7. Then the lower court thought that the plaintiff could not sue for sale of items 1 to 8 subject to the prior usufructuary mortgage in plaintiffs' own favour. It gives no reason for its view. If plaintiffs are entitled to get a decree for sale of items 1 to 8, they are entitled to have them sold subject to their prior usufructuary mortgages--see Subramania v. Balasubramania 29 M.L.J. 195 (F.B.).
8. There were one or two other difficult questions argued; but I shall not deal with them.
9. The parties will bear their respective costs in the lower court and that the appellants will get their costs from the plaintiffs in this appeal. The Memorandum of objections is dismissed. There will be no costs therein.
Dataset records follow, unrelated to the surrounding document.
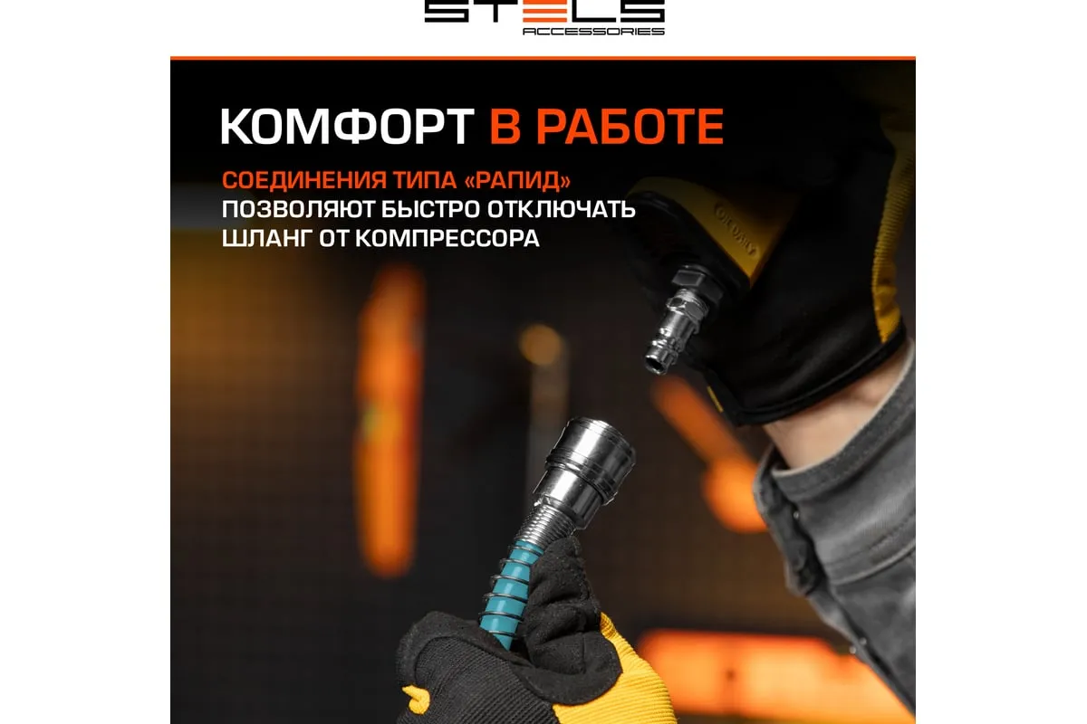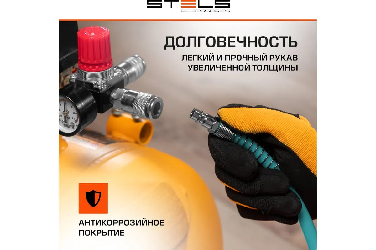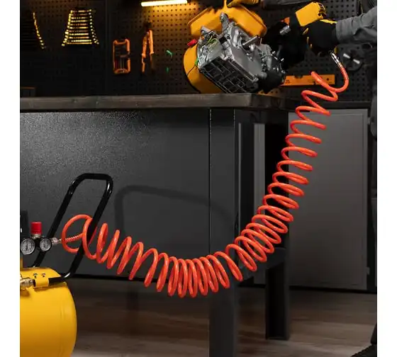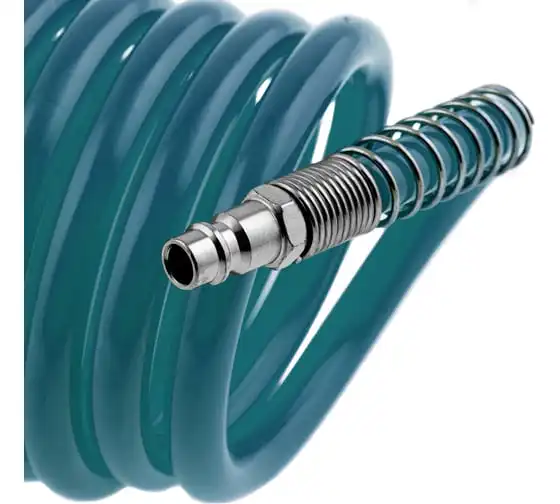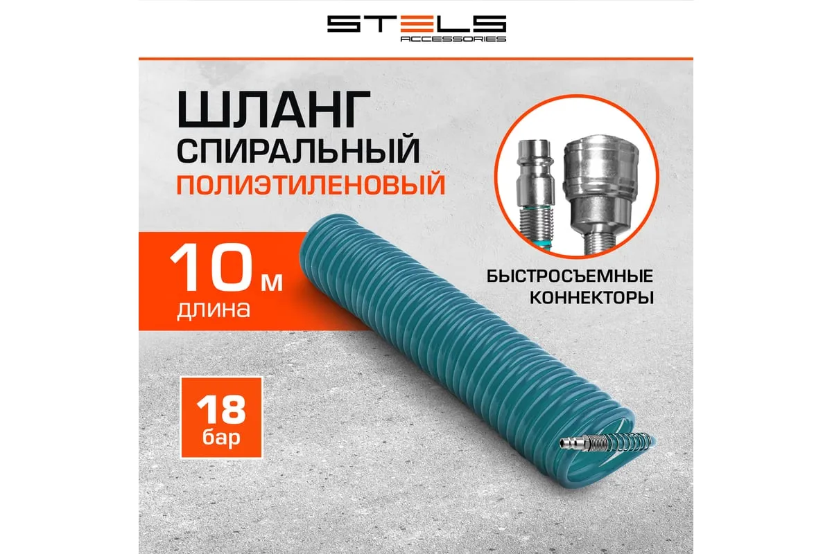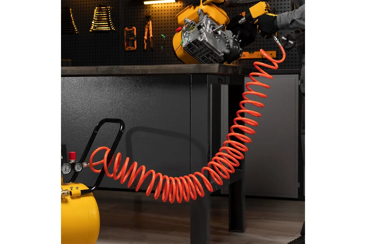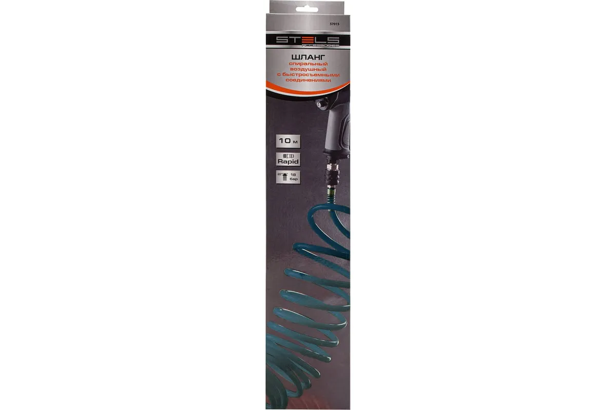 Спиральный воздушный шланг Stels 57015, 8 х 12 мм, длиной 10 м, с быстросъемными соединениями, выдерживает давление до 18 бар и предназначен для подключения пневматических инструментов к источнику сжатого воздуха. Полиэтилен, из которого изготовлен рукав, характеризуется легкостью и устойчивостью к воздействию агрессивных сред, поэтому шланг не боится контактов со строительными смесями, маслом, бензином, а работа с ним не вызывает усталости. Пригодится во время строительства, ремонтно-отделочных работ, а также будет полезен в мастерской или гараже.
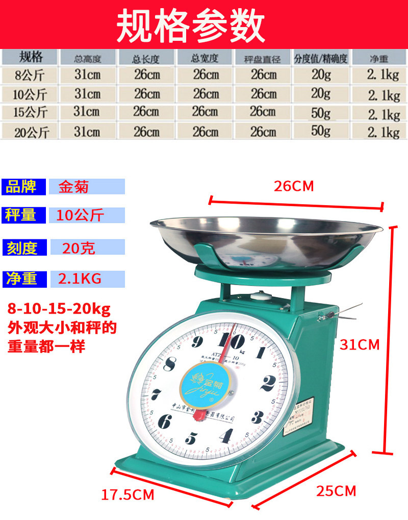 Plate weighing 10kg commercial small household food scale spring scale old 20-disc scale mechanical with disc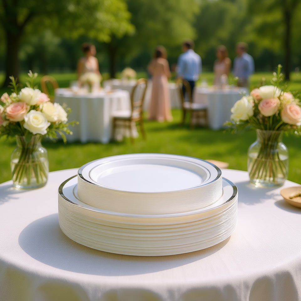 Ensemble de vaisselle jetable en plastique 350 pièces, assiettes écologiques pour fêtes, mariages, style rond décontracté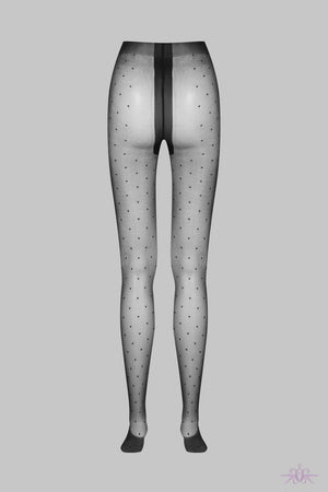 Introducing Maison Close Satin 10 Plumetis Tights. These gloss tights offer a sophisticated sheen and delicate Swiss dot detailing for an incredibly feminine look. The high, roll-up waist, shaped heels, and crotch gusset provide ultimate comfort. Made in Italy with no reinforcements on the feet, perfect for wearing open-toe heels.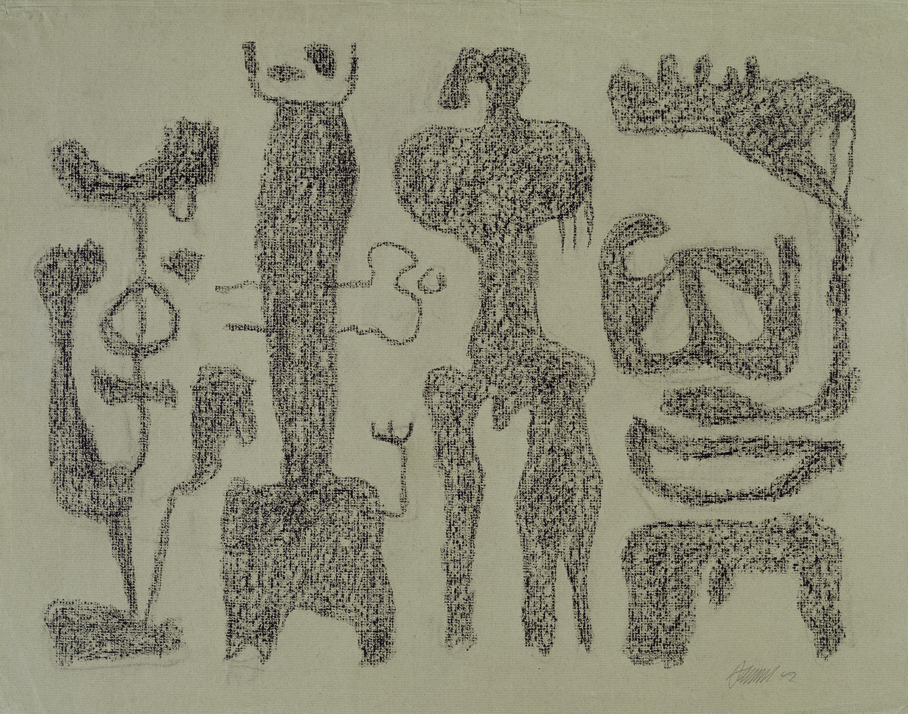 Kohle, Ölkreide in Schwarz, durchgerieben, fixiert, auf graugrünem Ingres-Bütten mit Wz. r. o.: Steigender Löwe im Kreis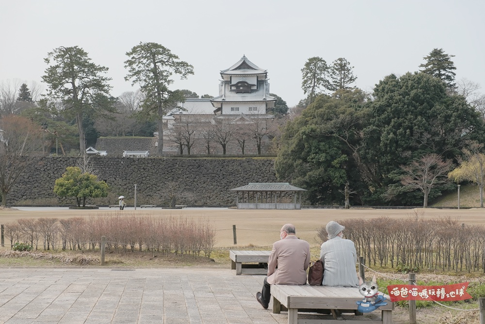 屋頂上那帶有白色鉛瓦在陽光下閃耀著光芒,這不僅是為了美觀,傳說更是為了在戰爭時能將鉛融化以此製作彈丸的戰備考量;而廣大的草坪與公園化的設計,也讓這裡成為金澤市民最棒的休閒場所。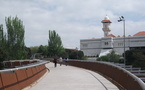 FOTO 1: Vista de un extremo del puente: el Centro Cultural Islámico, donde se aloja la mezquita, edificio que fue objeto de un concurso internacional hacia el año 1980 y cuyo premió ganó un equipo ¿polaco?. Posteriormente, fue objeto de reformas "islamizando" el exterior, desde mi punto de vista algo meramente ornamental ya que la concepción inicial del conjunto (que no es solo mezquita aunque aloje una mezquita) sí contiene muchos elementos de arquitectura árabe.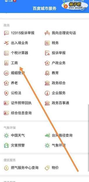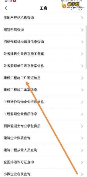 5点击打开工商后,如图所示找到建设工程施工许可证信息。
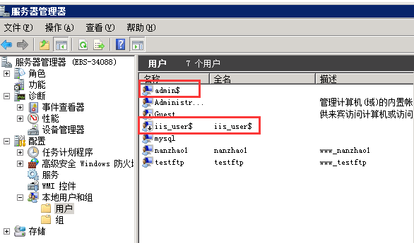 在计算机管理中,查看本地用户和组。如果出现不是系统管理员添加的用户,说明服务器很有可能被入侵了。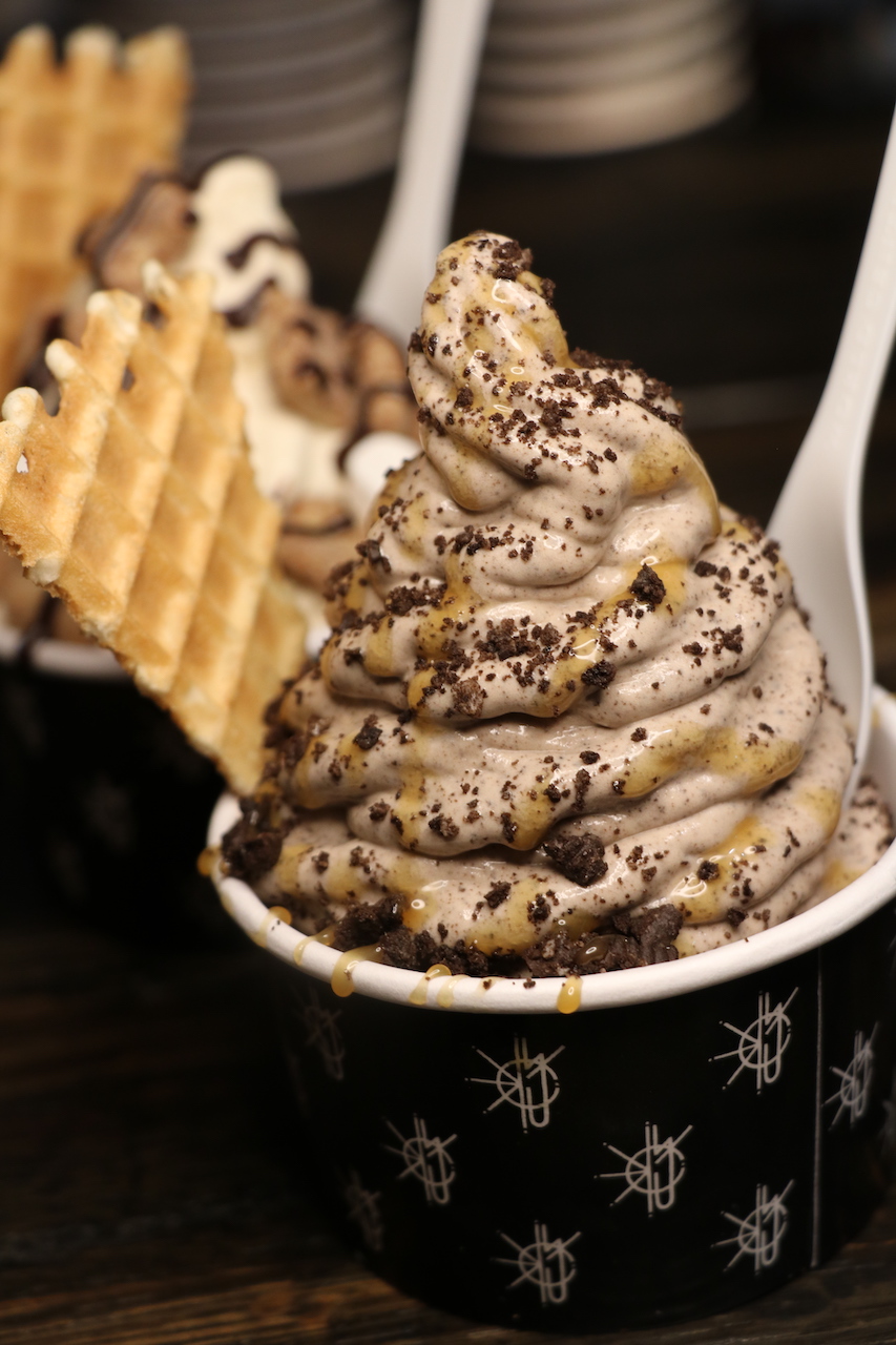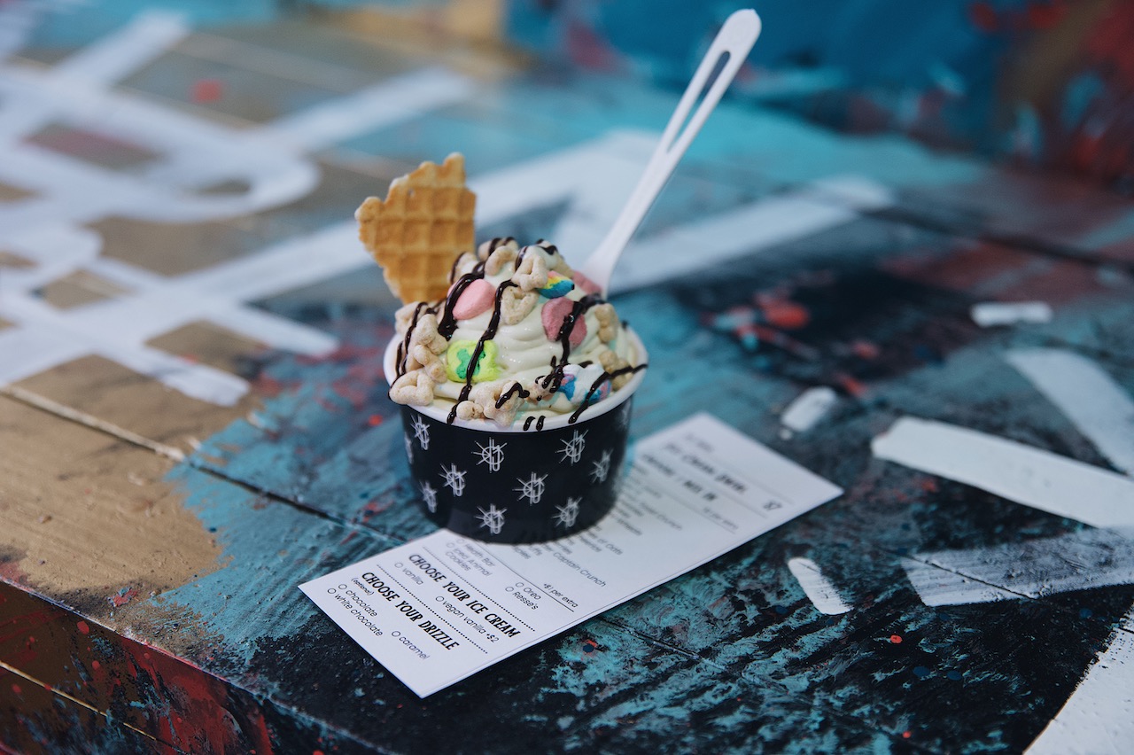 A single cup, including one mix in and one drizzle, costs $7, while their vegan alternative is closer to $9. It’s closed on Monday and Tuesday but starting Wednesday the machine swirls from the early afternoon until 11 p.m and 12 a.m. on the weekend. It is just enough time to pick a combination. With all their unique options, indecision can run high.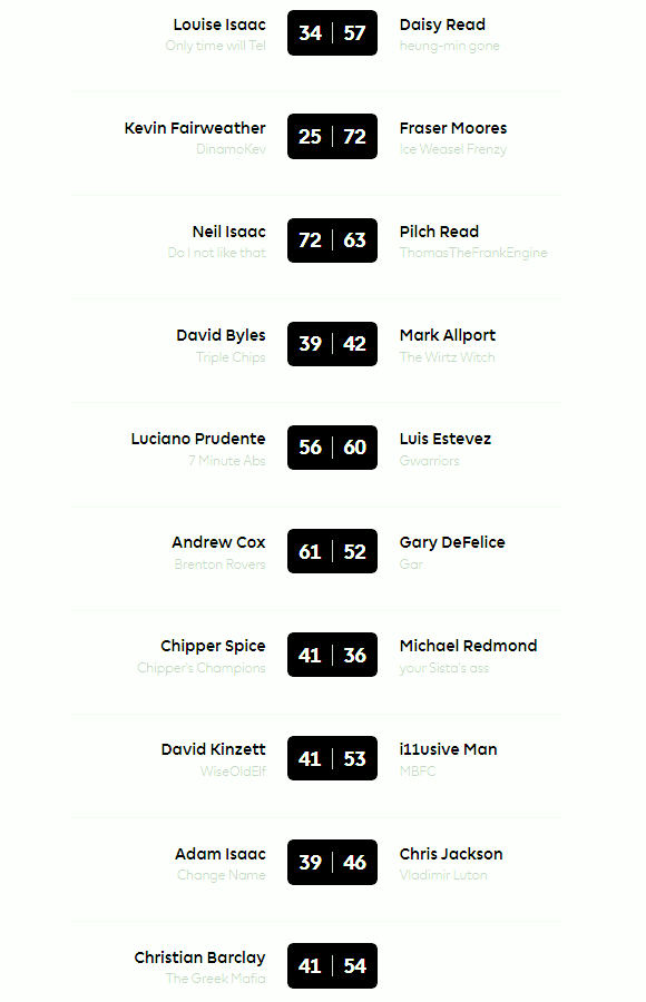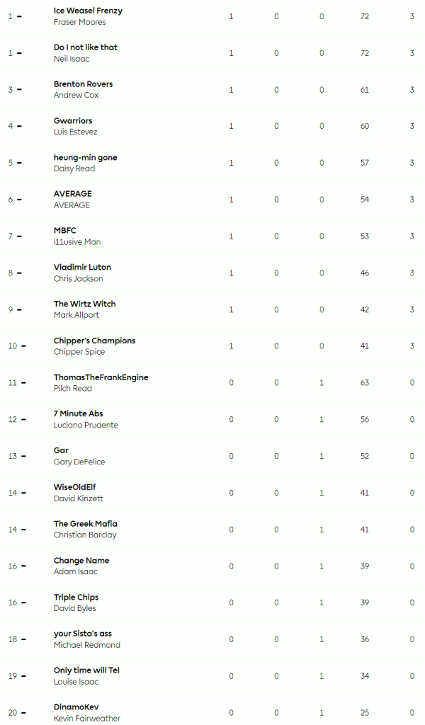 We ended up with 19 humans in our Head to Head league for this season, so the Average is back but at least we get a replication of the Premier League with twenty teams included overall. Speaking of the Average, they got off to winning ways with a 54-41 defeat of Christian, no draws this week so ten teams are on three points and ten are on zero.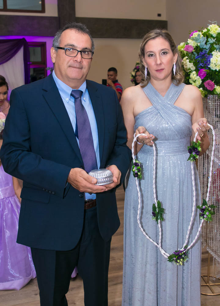 La celebración fue propicia para el protocolo civil y la bendición evangélica de los contrayentes. La abogada Wendy Galdámez y la pastora Jennifer Chichiraky, fueron encargada de legalizar y consagrar a los novios.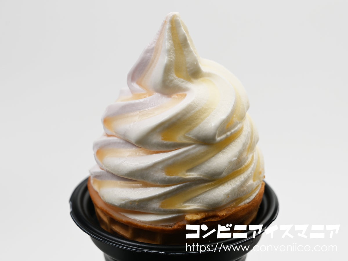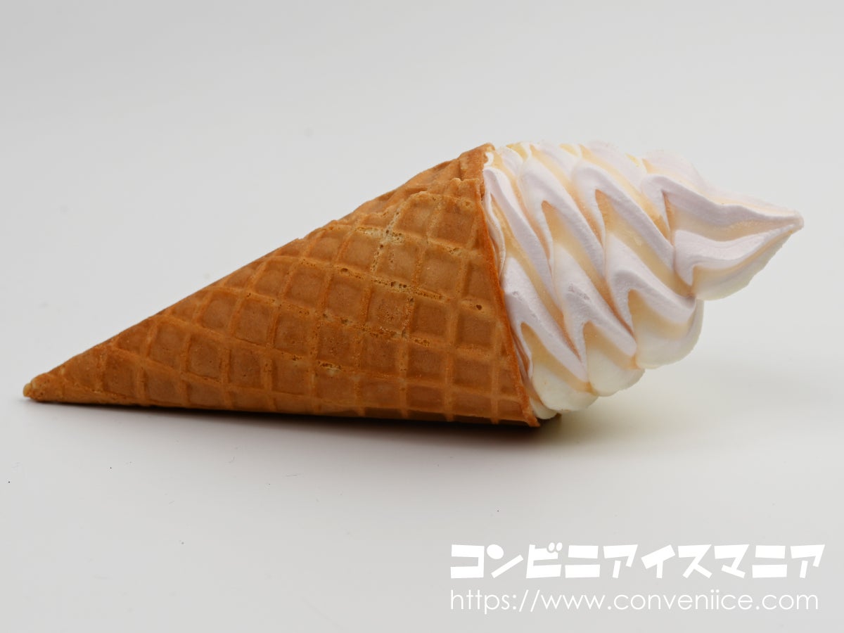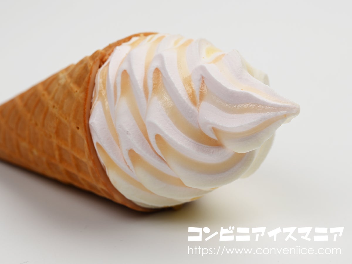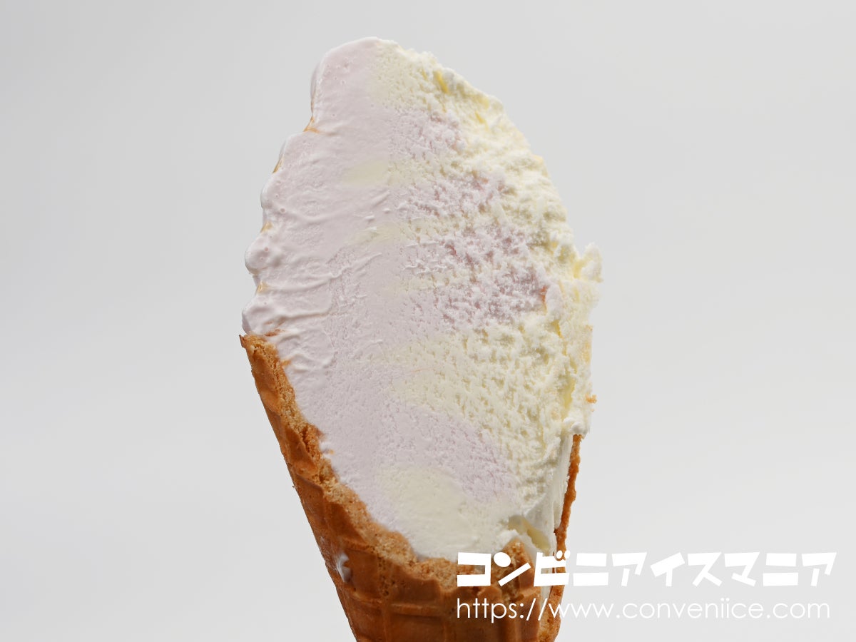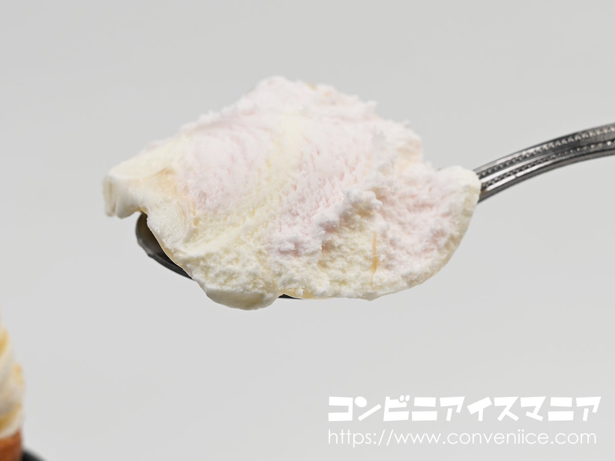 透明な蓋越しに、ソフトクリーム状に巻き上げられた白いアイスが確認できるのもポイント。白とほんのりイエロー、淡いピンクのマーブル模様が美しく、店頭での視覚的なインパクトは抜群。手に取った瞬間から「これは普通のコンビニアイスではないな」と感じさせる存在感があります。

10. I agree with my learned brother on all points but I desire to express my opinion only on the point of limitation as we are reversing the lower court's decree on that point. As the date of payment is not expressly mentioned in Ex. A it must be assumed that the amount secured by the mortgage was payable on the date of the execution of the document, that is, on 19th January 1886. The wording of this document implies an expectation on the part of the executants that the mortgagors or the mortgagees would redeem the prior mortgagee Srinadhu Appadu at an early date. At the same time I do not think that it was intended by the parties that the mortgagors should have the power to postpone their liability to pay their debt to the mortgagee plaintiffs by means of their own action in delaying to pay off Srinadhu Appadu's debt. If there had been a real intention to extend the period of limitation beyond the statutory period of 12 years I should expect to find an expression in apt words of the terms of the agreement relating to the date of repayment) and it would not have been left to be inferred from the words used to describe the items composing the second part of the security for the loan.
11. The Appeal must be allowed and the suit dismissed with costs in this Court.